U.S. President Donald Trump, Pope Francis and U.S. Secretary of State Rex Tillerson were placed on a list of wanted “terrorists” by Turkey’s pro-government Yenisöz daily newspaper in reaction to arrest warrants issued in Washington for members of Turkish President Recep Tayyip Erdogan’s security detail.
The newspaper published a story titled “These terrorists are wanted” and named Trump, the Pope, Tillerson, Turkish-Islamic scholar Fethullah Gülen, U.S. Secretary of Defense James Mattis, Central Intelligence Agency Director Michael Pompeo, Washington Police Chief Peter Newsham and Mayor of Washington DC Muriel Bowser.
They were were labeled terrorists and accused of supporting terrorist organizations. Trump specifically was accused of global extortion and cooperating with terrorist organizations such as the Kurdistan Workers’ Party (PKK) and the Islamic State in Iraq and the Levant (ISIS) as well as murdering civilians.
The Washington Post reported on Thursday that a dozen security guards for Erdoğan are now wanted by D.C. police, who on Thursday declared them criminal suspects and accused them of attacking peaceful protesters during a visit to Washington in May.
According to the report, D.C. Police Chief Newsham said during a press conference on Thursday that “rarely have I seen in 28 years of policing the type of thing I saw in Sheridan Circle [in front of the Turkish ambassador’s residence]. … We all saw the violence that was perpetrated against peaceful protesters, and it’s not something that we’re going to tolerate.”
At the press conference the police read out the names of the suspects, who were identified, with the help of the State Department, by matching surveillance video from the altercation to entry visas and passports. All are charged with various degrees of assault.
In related news on Wednesday, two Turkish men resident in the United States were arrested by US Marshals for their role in the beating of protesters, according to a report by The Daily Caller.
Speaking during an iftar dinner on Thursday night at the presidential palace in Ankara, Erdoğan slammed the US decision to issue arrest warrants for his bodyguards and said he would initiate a political and legal battle against the arrest warrants for his security personnel.

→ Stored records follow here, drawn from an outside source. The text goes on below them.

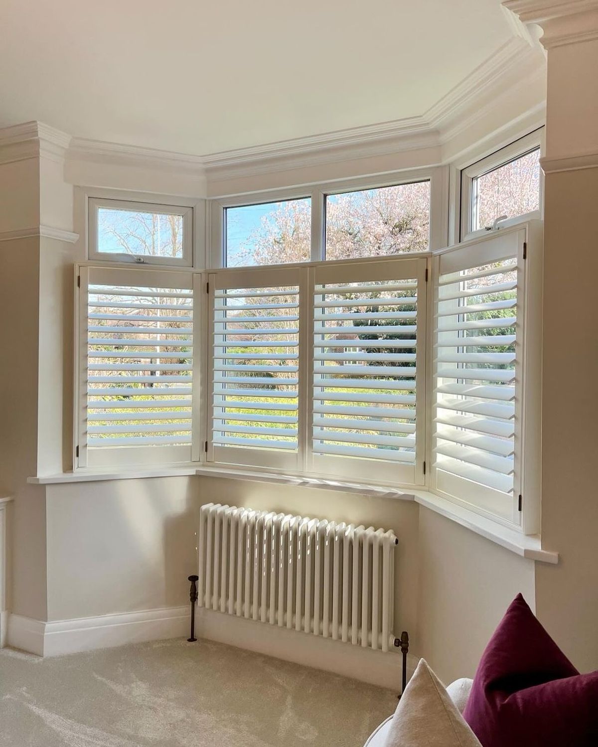 Shutters offer a lot of benefits. They look stylish from the inside and out, day and night. Curtains on the other hand offer a more traditional look and are left open during the day, leaving the room and its contents exposed. Shutters provide more privacy than curtains since outsiders don’t have any visibility inside your space. If you have a tier-on-tier shutter, you can open up the top panels during the day while maintaining privacy and security. Shutter louvres may also be adjusted to divert sunlight away from the furnishings while keeping the space bright, white and clean.
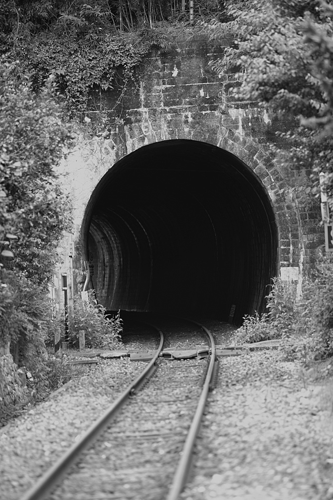 トンネルと線路。でももう、電車は走ってきません。廃線でも勝手に線路を歩いたりするとNGだそうです。
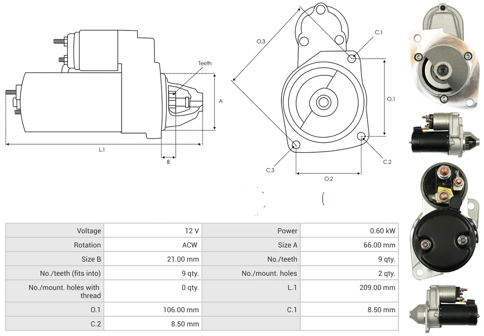 Starters Voltage [ V ] 12 Power [ kW ] 0.60 Rotation ACW Size A [ mm ] 66.00 Size B [ mm ] 21.00 No./teeth [ qty. ] 9 No./teeth (fits into) [ qty. ] 9 No./mount. holes [ qty. ] 2 No./mount. holes with thread [ qty. ] 0 L.1 [ mm ] 209.00 O.1 [ mm ] 106.00 C.1 [ mm ] 8.50 C.2 [ mm ] 8.50
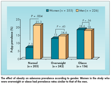 Among the overweight and obese women, the prevalence of polyps was 13%, compared with 14.6% for men, and the prevalence of advanced neoplasms was 18.6% for women, compared with 18% for men.
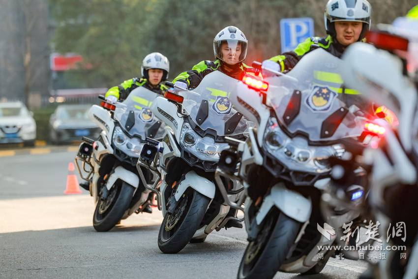 现场,除了民警代表,还有两支特别的队伍引人注目——郑店公安检查站的快反队员和交通大队的汉警快骑队员。24台警用摩托车整齐列队,24名队员身姿挺拔。他们是江夏街头常见的平安风景,此刻在警旗下与战友们共同接受荣耀的洗礼。

“They have issued arrest warrants for my security detail. What kind of a law is this, what kind of a judiciary is this? We will wage political and legal battle [against the decision],” he said. On Friday, US Secretary of State Tillerson said there would be no tolerance for those using intimidation and violence to suppress freedom of expression over an arrest decision issued for the bodyguards of Erdoğan.